No doubt their gains in agility and confidence are still serving them well. But now it’s time for them to build on those significantly. Likewise, across society, we would all benefit from embracing those characteristics in ways appropriate to our own endeavours.
Quite simply we must, because our challenges are towering, as they are for all humanity. The common origin of many of them is our exploitation of nature. Now the world numbers 8 billion people, we are putting enormous pressures on the living Earth, our life support system. The three biggest are:
► Our deep encroachment on nature has made it a lot easier for viruses to leap from wild animals to humans. The Covid-19 is only the latest of many more zoonotic diseases to come. We’d be wise to devise and legislate for new pandemic measures, and update them often, so we’re ready for the next pandemic or for a virulent new strain of Covid-19.
► Our economies are excessively dependent on natural resources. Worse, we waste, degrade, pollute or in other ways render far too much of them lost or useless to us. The World Bank’s latest annual report reminds us that “the COVID-19 pandemic sent shock waves through the world economy and triggered the largest global economic crisis in more than a century”. In our continuing recovery from the crisis, we’ve seen how disrupted and fragile our supplies from nature are. Such as many key foods, energy sources and materials. These stresses have in turn dramatically shifted geopolitical relationships, as we’re seeing with the strengthening alliance between Russia and China and their increasing influence over a few developed countries and many developing ones.
► Our climate, thanks to our prodigious greenhouse gas emissions, is changing dramatically and ever-faster.
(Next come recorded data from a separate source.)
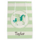 Cool, retro, colourful kid's Teal & Light Green Unicorn design on white stripes, striped pattern with vintage feel. Perfect gift for baby, toddler, kids, children, teens, or adults! Personalised the design by adding a child's name or custom text. Visit our store, Birthday Party House, for more great customisable boy and girl products and room decor!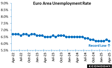 Unemployment in the euro area continued its downward trend in April 2025, with the overall rate falling to 6.2 percent, the lowest over a year. Eurostat’s data reveals a reduction of 207,000 unemployed individuals since March and 343,000 compared to April 2024, suggesting a steadily improving labour market. This progress reflects gradual economic resilience, possibly supported by stabilising inflation and sectoral recovery.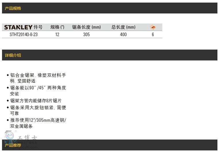 史丹利STANLEY手工具 金屬方管鋼鋸架 STHT20140-8-23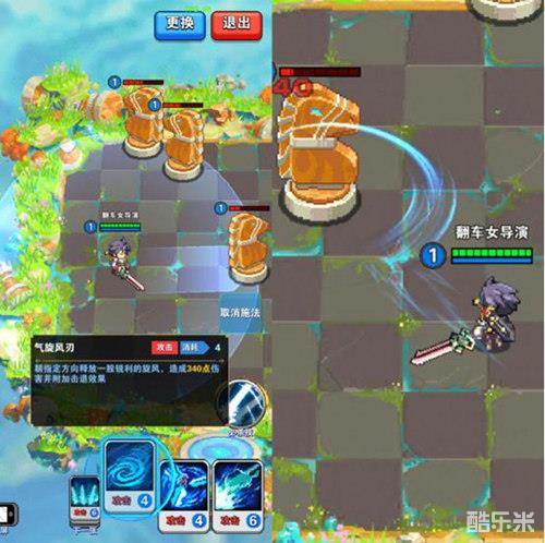 攻击技能2:气旋风刃-超指定方向释放一股锐利的旋风,造成350点伤害并附加击退效果,耗蓝4。
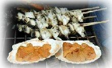 海岸沿いの露店で、 焼かれるのを待つつぶ貝と生うに 焼き上がったものは、次のページに(^ー^)ノ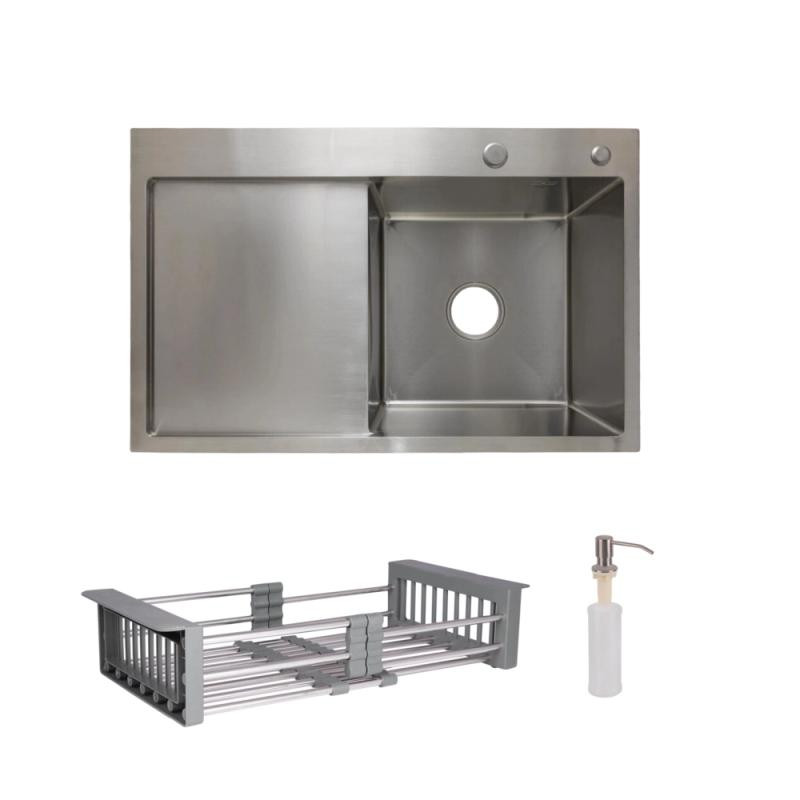 Мийка для кухні інтегрована крило зліва Brushed Steel 3,0/1,0 мм із зручним інтегрованим крилом зліва та вишуканою обробкою Brushed Steel ідеально підходить для будь-якої сучасної кухні. Нержавіюча сталь товщиною 3,0/1,0 мм забезпечує довговічність та стійкість до пошкоджень, роблячи це миття надійним та стильним вибором.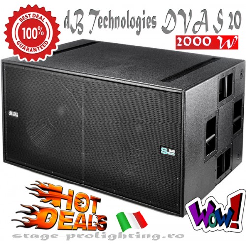 dB Technologies DVA S 20 dp este un subwoofer activ cu 2x 18" drivers, care lucreaza in banda de frecventa 25Hz-150Hz, 138dB maximum SPL, amplificator intern din clasa D, 2000W (RMS), avand crossover activ incorporat.
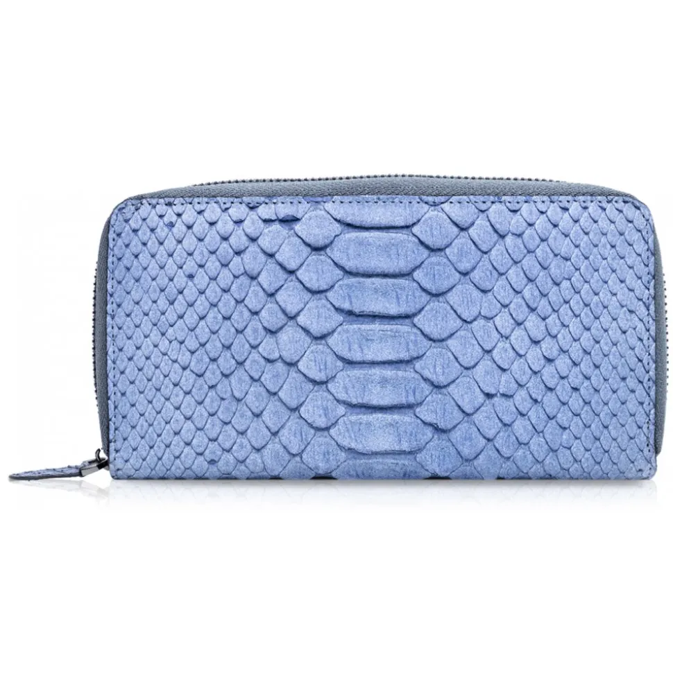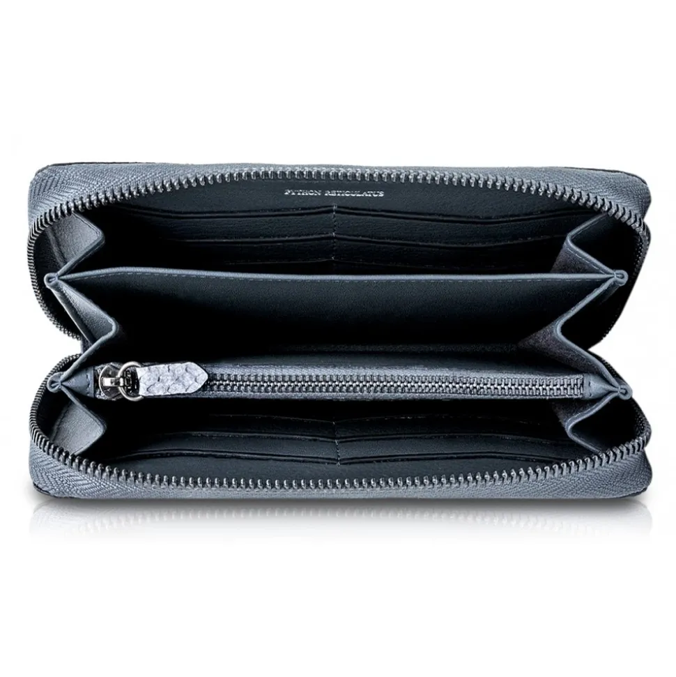 Handmade long zipper wallet in python and cowhide leather lining made in Italy.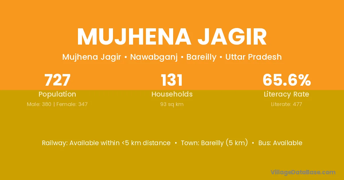 Mujhena Jagir village has a total population of 727 people, of which 380 are males and 347 are females.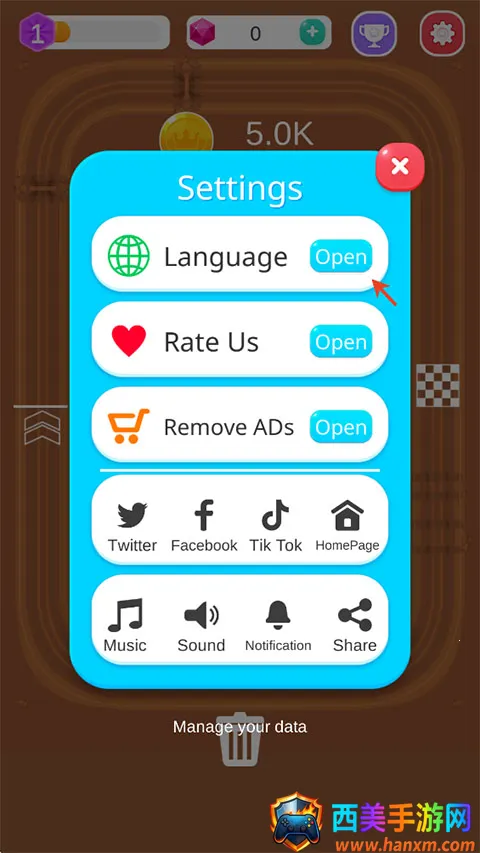 1、进入赛车大亨游戏内点击右上角的齿轮。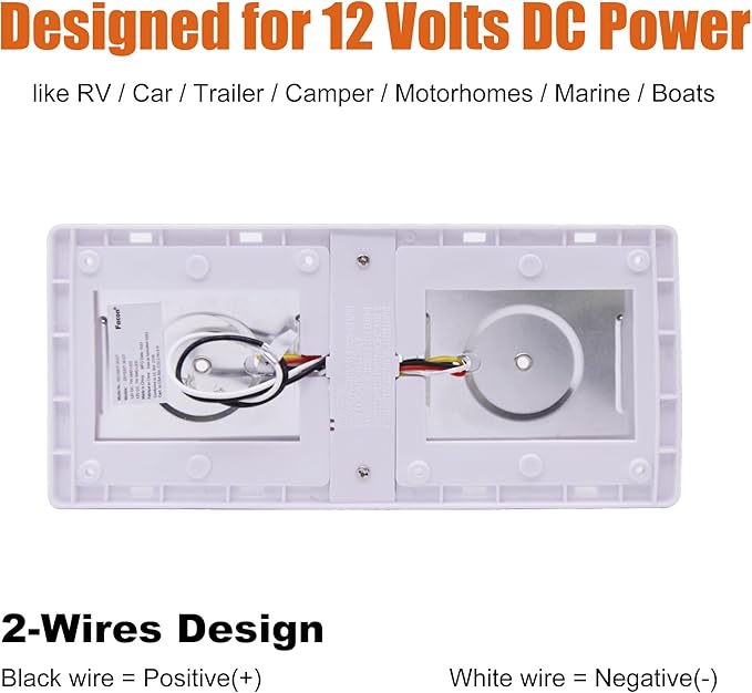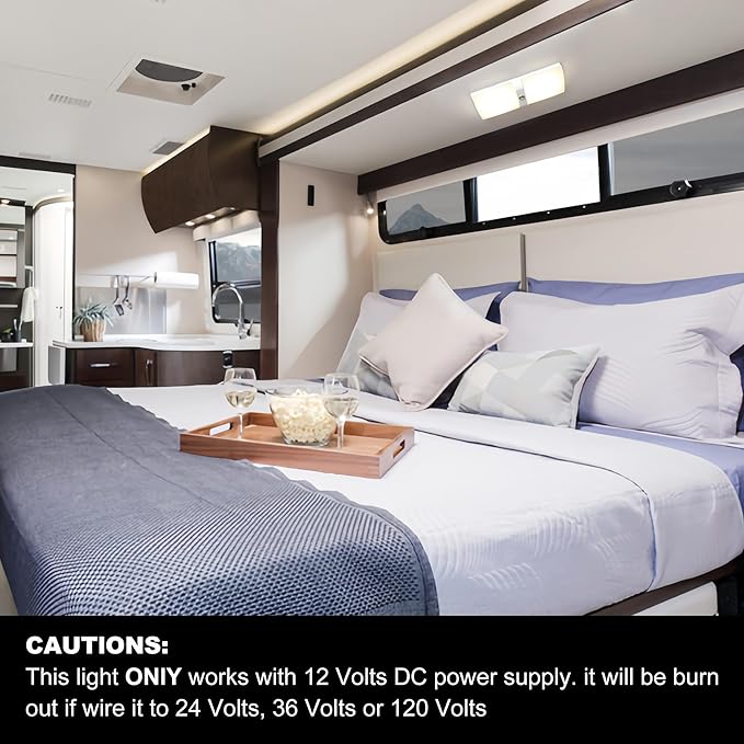 - 12V LED RV Surface Mount Lamp: The Facon LED RV interior light is designed for 12V DC power systems found in RVs, motorhomes, campers, trailers, and boats. It features a square LED ceiling dome light with a modern and sleek design.
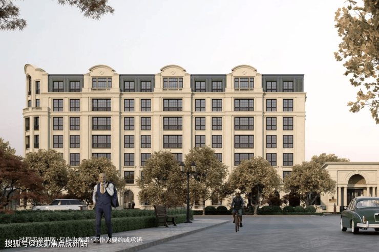 建筑构成:4栋7层法式精装洋房 + 10栋3-4层世家定制公馆,整体建筑高度控制在7层以内。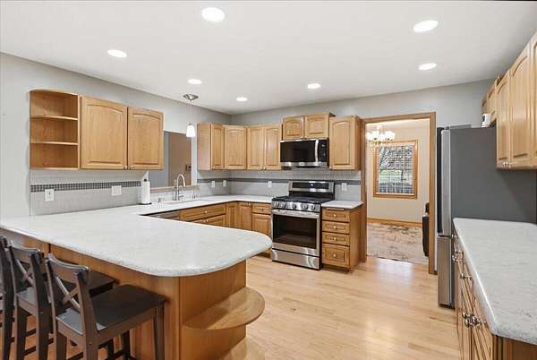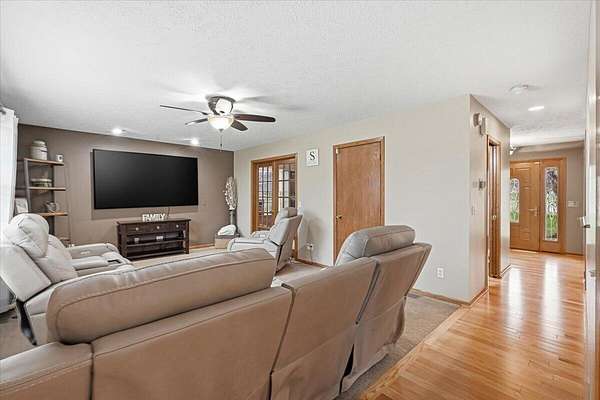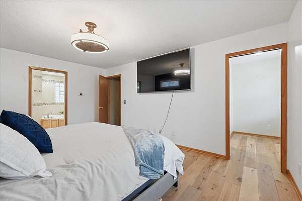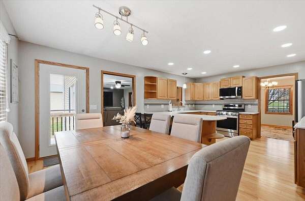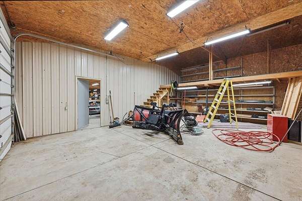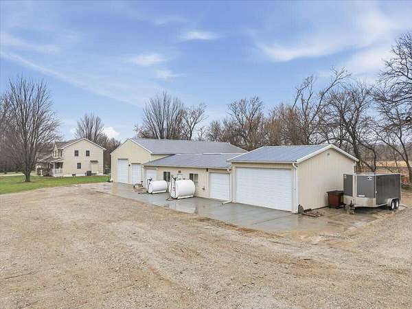 Located on 2.67 acres in the Underwood School District, this acreage offers a hard-to-find combination of functional living space and a 4,600+ sq ft outbuilding. The main floor features hardwood floors, a spacious kitchen with solid surface countertops and a tasteful backsplash, plus a dedicated office with French doors. Upstairs, you'll find a large primary suite with a walk-in closet and full bath with tub, along with the convenience of second-floor laundry. The finished basement adds add'l living space with a family room, non-conforming 4th bedroom, and generous storage areas, plus a separate exterior entrance. Outside is where this property really stands out--the 4,600+ sq ft outbuilding offers endless potential for hobbies, storage, or equipment. All just minutes from town!

Southern California and neighbouring states are experiencing their worst drought in 1,200 years; and Europe its worst in 500 years.
Our South Island recently suffered a ferocious shift in storm patterns. One Canterbury dairy farm I visited last month had only had two floods in 12 years from the neighbouring Ashburton River – but four in the prior four weeks.
These changes are deeply systemic. We’re now perilously close to five climate tipping points such as the collapse of Greenland’s ice cap, eventually producing a huge sea level rise, the collapse of a key current in the north Atlantic, disrupting rain upon which billions of people depend for food, and an abrupt melting of carbon-rich permafrost.
None of this should be a surprise. The IPCC laid out all the risks in a 2012 report.
But we ignored all the evidence. Because we believed we were in charge of the timetable. We could let vested interests exploit their lucrative status quo for a lot longer. Developed countries could keep ignoring the climate plights of developing countries. We could maintain our exploitive ways. We thought nature would wait for us to eventually get our act together.
Yet, nature always was more powerful than us. It always was in charge. But only now are we starting to realise we’ve pushed nature into ever faster changes, ever greater crises.
Covid made that reality clear to us. We responded with speed and agility, with creativity and co-operation, with understanding of nature’s power, with some sense of the consequences.
Now we must apply all those lessons, and myriad more we’ve still to learn, to heal our entire relationship with the living Earth, our life support system.